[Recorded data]

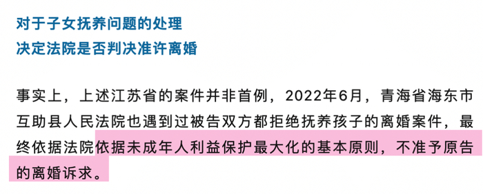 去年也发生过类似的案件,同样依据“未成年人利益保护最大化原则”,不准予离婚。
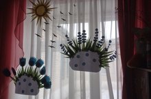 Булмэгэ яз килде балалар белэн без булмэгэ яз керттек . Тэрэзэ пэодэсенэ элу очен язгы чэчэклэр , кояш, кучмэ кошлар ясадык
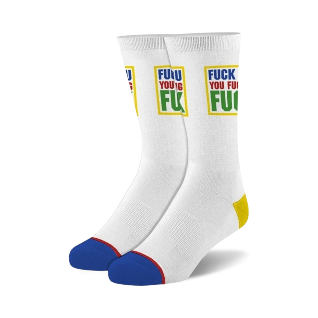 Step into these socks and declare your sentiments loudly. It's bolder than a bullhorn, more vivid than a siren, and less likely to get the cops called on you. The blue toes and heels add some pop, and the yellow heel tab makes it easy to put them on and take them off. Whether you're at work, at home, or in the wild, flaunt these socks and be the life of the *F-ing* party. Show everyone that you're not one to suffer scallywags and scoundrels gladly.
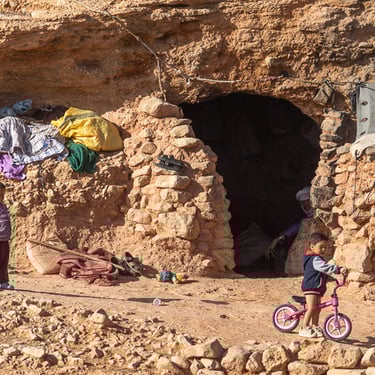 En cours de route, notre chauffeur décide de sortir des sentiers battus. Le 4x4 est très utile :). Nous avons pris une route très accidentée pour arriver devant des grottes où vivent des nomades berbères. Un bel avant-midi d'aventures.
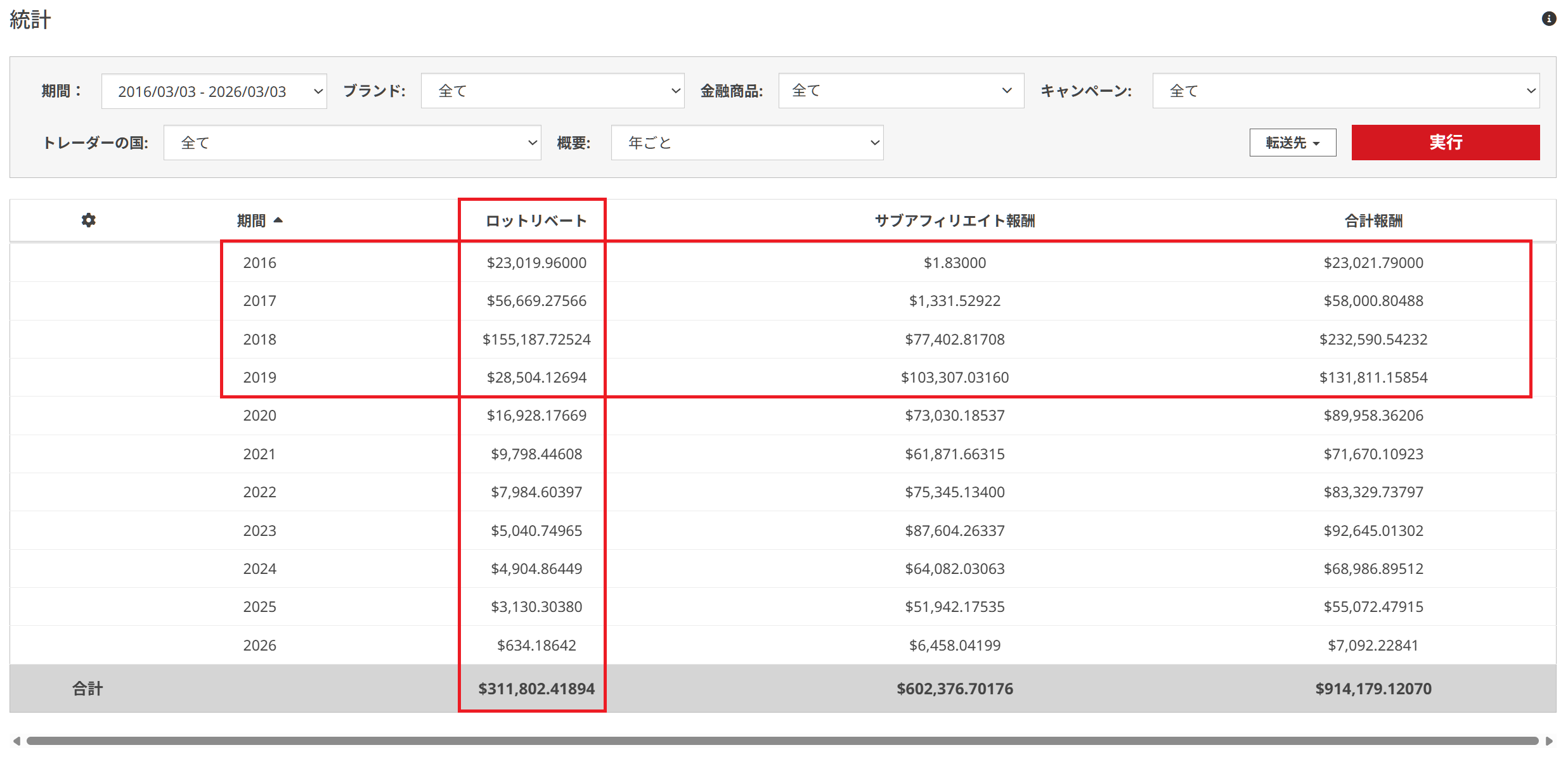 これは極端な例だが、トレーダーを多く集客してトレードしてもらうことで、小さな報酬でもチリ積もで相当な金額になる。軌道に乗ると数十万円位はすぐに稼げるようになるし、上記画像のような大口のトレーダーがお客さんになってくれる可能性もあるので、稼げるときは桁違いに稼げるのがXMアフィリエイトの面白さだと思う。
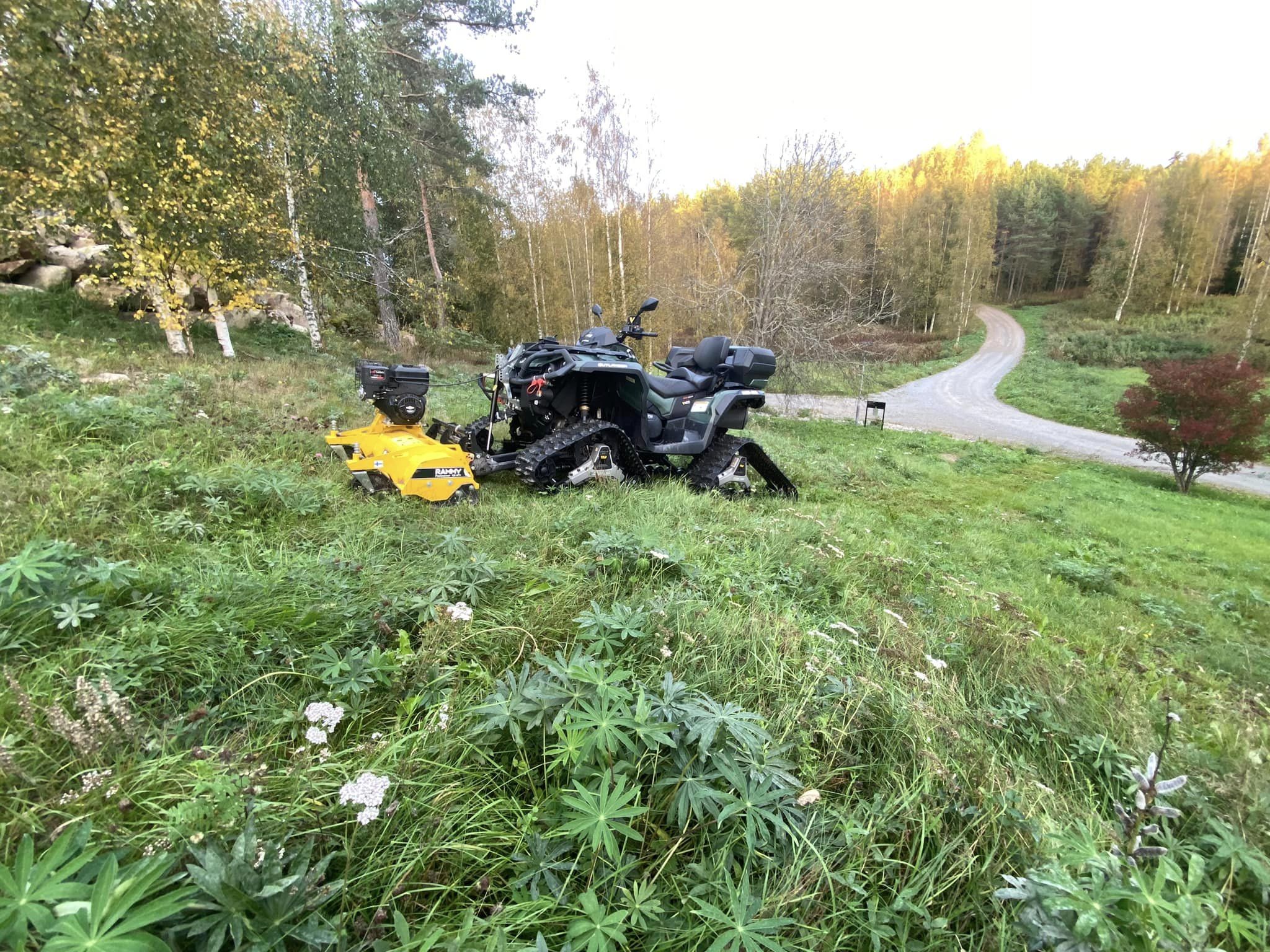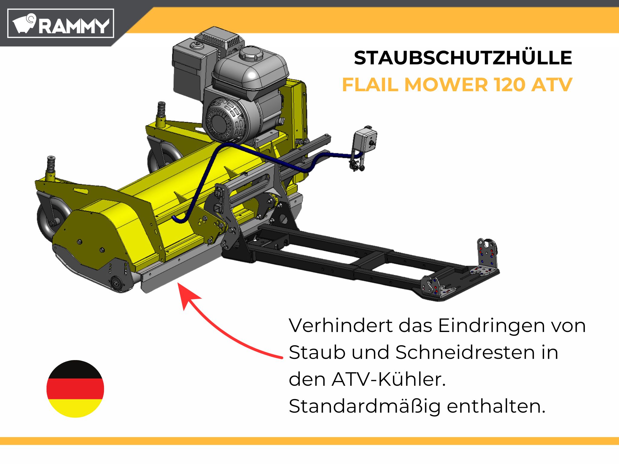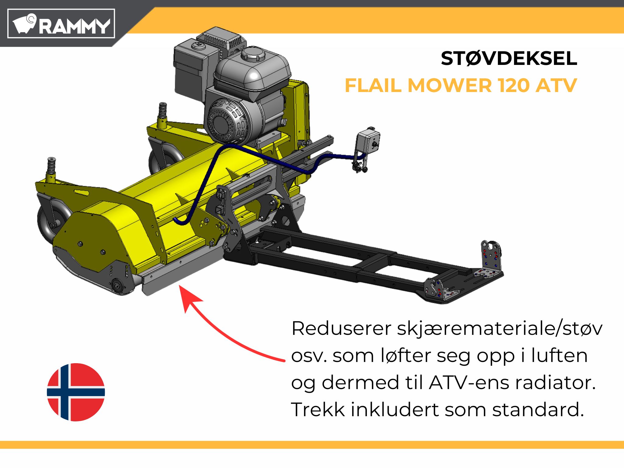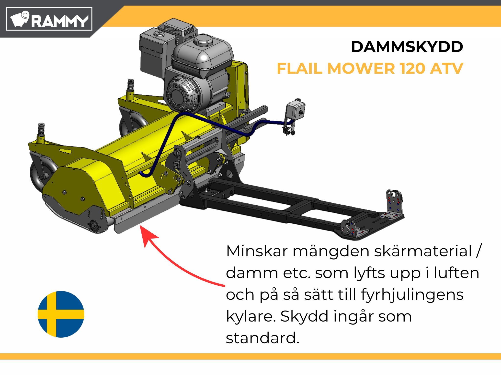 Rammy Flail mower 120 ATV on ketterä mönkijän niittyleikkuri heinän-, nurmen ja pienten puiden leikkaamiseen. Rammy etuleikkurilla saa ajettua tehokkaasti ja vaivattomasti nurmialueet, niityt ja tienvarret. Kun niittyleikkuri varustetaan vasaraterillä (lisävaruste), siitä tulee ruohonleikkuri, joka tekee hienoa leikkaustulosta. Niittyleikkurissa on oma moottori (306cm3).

--- WORK TO COMPLETE ---
A faithful copy of the data above is wanted, with every image left out.

--- ANSWER BOX ---
 去年也发生过类似的案件,同样依据“未成年人利益保护最大化原则”,不准予离婚。
 Булмэгэ яз килде балалар белэн без булмэгэ яз керттек . Тэрэзэ пэодэсенэ элу очен язгы чэчэклэр , кояш, кучмэ кошлар ясадык
 Step into these socks and declare your sentiments loudly. It's bolder than a bullhorn, more vivid than a siren, and less likely to get the cops called on you. The blue toes and heels add some pop, and the yellow heel tab makes it easy to put them on and take them off. Whether you're at work, at home, or in the wild, flaunt these socks and be the life of the *F-ing* party. Show everyone that you're not one to suffer scallywags and scoundrels gladly.
 En cours de route, notre chauffeur décide de sortir des sentiers battus. Le 4x4 est très utile :). Nous avons pris une route très accidentée pour arriver devant des grottes où vivent des nomades berbères. Un bel avant-midi d'aventures.
 これは極端な例だが、トレーダーを多く集客してトレードしてもらうことで、小さな報酬でもチリ積もで相当な金額になる。軌道に乗ると数十万円位はすぐに稼げるようになるし、上記画像のような大口のトレーダーがお客さんになってくれる可能性もあるので、稼げるときは桁違いに稼げるのがXMアフィリエイトの面白さだと思う。
 Rammy Flail mower 120 ATV on ketterä mönkijän niittyleikkuri heinän-, nurmen ja pienten puiden leikkaamiseen. Rammy etuleikkurilla saa ajettua tehokkaasti ja vaivattomasti nurmialueet, niityt ja tienvarret. Kun niittyleikkuri varustetaan vasaraterillä (lisävaruste), siitä tulee ruohonleikkuri, joka tekee hienoa leikkaustulosta. Niittyleikkurissa on oma moottori (306cm3).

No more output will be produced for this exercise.